:: Work request ::
The response should consist of the data below, copied exactly, with no pictures in it.

:: Recorded data ::
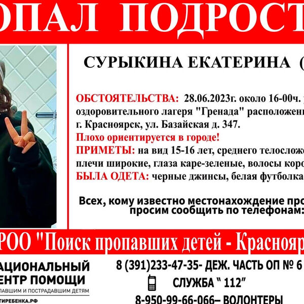 13-летняя школьница пропала из оздоровительного лагеря в Красноярске
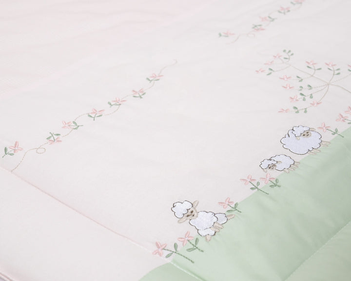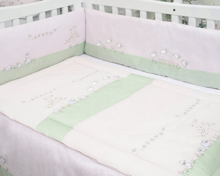 Our Lambs in Meadow Comforter provides an additional layer of comfort to the cot bedding and cosiness to the nursery. Made with 100% cotton fabric, it is soft, breathable, and perfect for your little ones delicate skin. The inner padding provides natural warmth and keeps the babys body temperature in its normal range. All materials used are clean, eco-friendly, and without any additional chemical treatments.
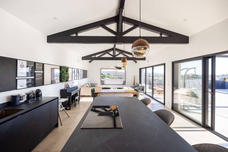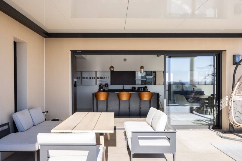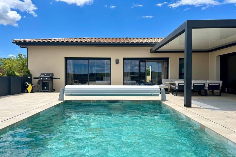 Located in a sought-after neighborhood of Uzès, just a 15-minute walk from the town center and its shops, this contemporary single-story villa offers 188 m² of elegance and comfort, seamlessly extending onto beautiful sunlit terraces. The spacious and bright reception area opens onto the outdoors and features a high-end, fully equipped SMEG Elite kitchen. The master suite boasts a walk-in closet and an elegant bathroom, while three additional bedrooms, each with its own en-suite shower room, complete the night area. An independent apartment adds the perfect finishing touch to this exceptional property, ideal for hosting family and friends or for a rental investment.

:: Problem solution ::
 13-летняя школьница пропала из оздоровительного лагеря в Красноярске
 Our Lambs in Meadow Comforter provides an additional layer of comfort to the cot bedding and cosiness to the nursery. Made with 100% cotton fabric, it is soft, breathable, and perfect for your little ones delicate skin. The inner padding provides natural warmth and keeps the babys body temperature in its normal range. All materials used are clean, eco-friendly, and without any additional chemical treatments.
 Located in a sought-after neighborhood of Uzès, just a 15-minute walk from the town center and its shops, this contemporary single-story villa offers 188 m² of elegance and comfort, seamlessly extending onto beautiful sunlit terraces. The spacious and bright reception area opens onto the outdoors and features a high-end, fully equipped SMEG Elite kitchen. The master suite boasts a walk-in closet and an elegant bathroom, while three additional bedrooms, each with its own en-suite shower room, complete the night area. An independent apartment adds the perfect finishing touch to this exceptional property, ideal for hosting family and friends or for a rental investment.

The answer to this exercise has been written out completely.